Like other German Pensionskassen, or insurance-type schemes, BVV is heavily exposed to fixed income. The scheme's annual report for last year reflects that again, as it had well over 70% in bonds and bond funds.

Illustrating how the low yields affected its portfolio, BVV said: "Current yields on bonds remain at historic lows. The return for a 10-year German Bund is 3.95%, or under our minimum guarantee for paid-in savings."

BVV's guarantees a 4% return on the savings, which is above the 2.25% absolute minimum offered by other German Pensionskassen.

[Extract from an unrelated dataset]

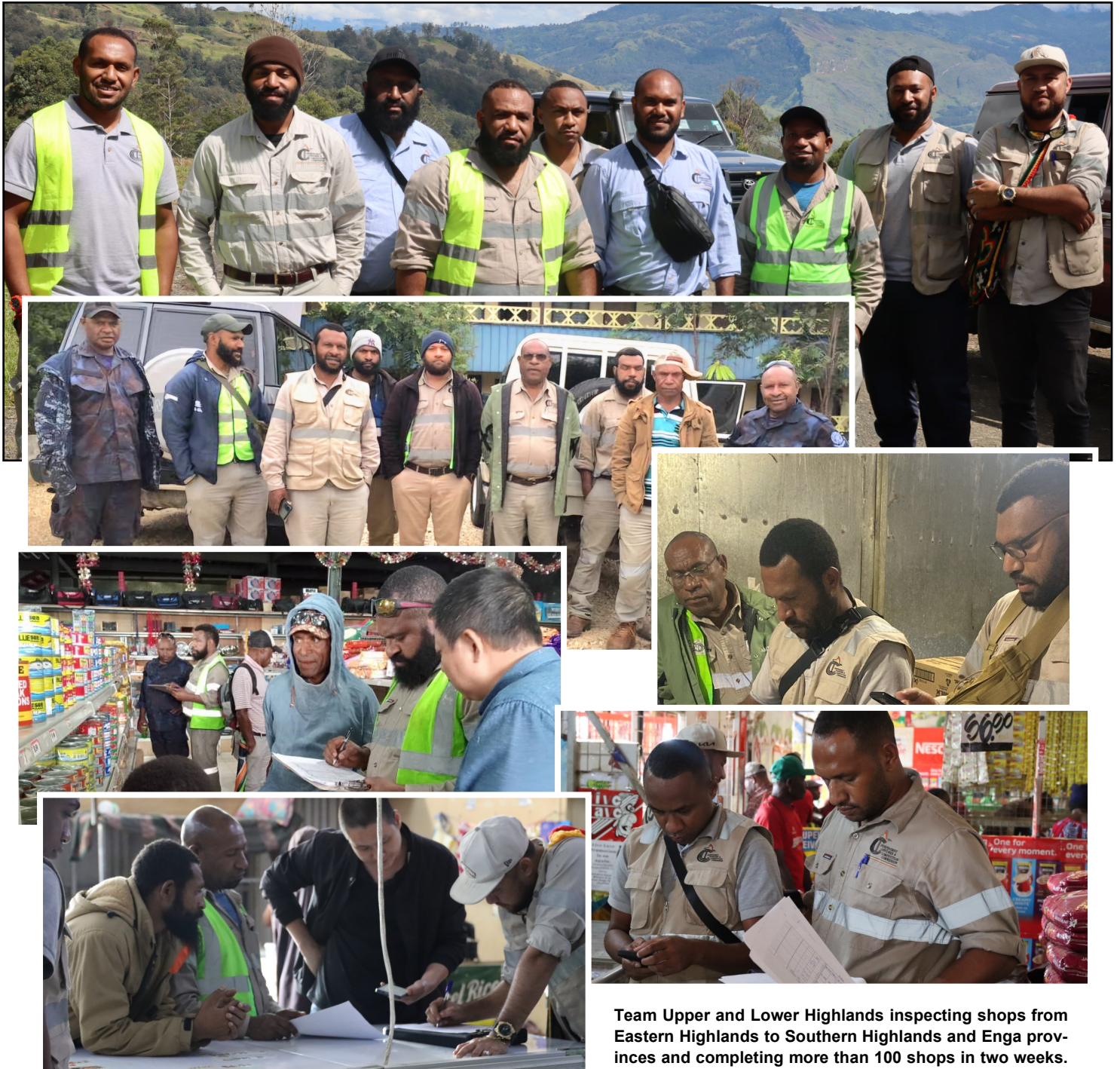
Team Upper and Lower Highlands inspecting shops from Eastern Highlands to Southern Highlands and Enga provinces and completing more than 100 shops in two weeks.

"In past years, we have done everything we can to compensate for the low bond yields. Indeed, our beneficiaries have gotten minimum returns that exceed those from other insurance-type products," the scheme said.

Yet despite a third straight year of positive equity markets, BVV said it kept equity exposure "virtually unchanged" at 11.8% in 2006. While Pensionskassen face tight investment restrictions, they may invest up to 35% of assets in equities.

Elsewhere in BVV's portfolio, the fund said it had further reduced direct holdings in German real estate to 0.8% of assets.

Its indirect exposure to real estate - via funds - totalled 3.8% of assets and BVV said properties were acquired by the funds in Europe as well as in the US and Canada.

"In 2007, the BVV will further diversify its real estate portfolio by, for example, looking at opportunities in the Asian-Pacific market," the scheme added.

The Berlin-based fund also reaffirmed as part of an overall diversification of its portfolio, it is planning further small investments in hedge funds, private equity and structured products.

IPE previously reported of the €1bn the scheme is to invest annually, 80% is earmarked for bonds - including structured products. The other 20% is to be allocated to other asset classes, including hedge funds and private equity.

Beyond the fact that BVV currently has €120m invested in hedge funds and plans to raise private equity exposure to 1.5% of assets "in the mid-term", no further specifics are known.

BVV now has 320,000 contributing members and just over 85,000 pensioners.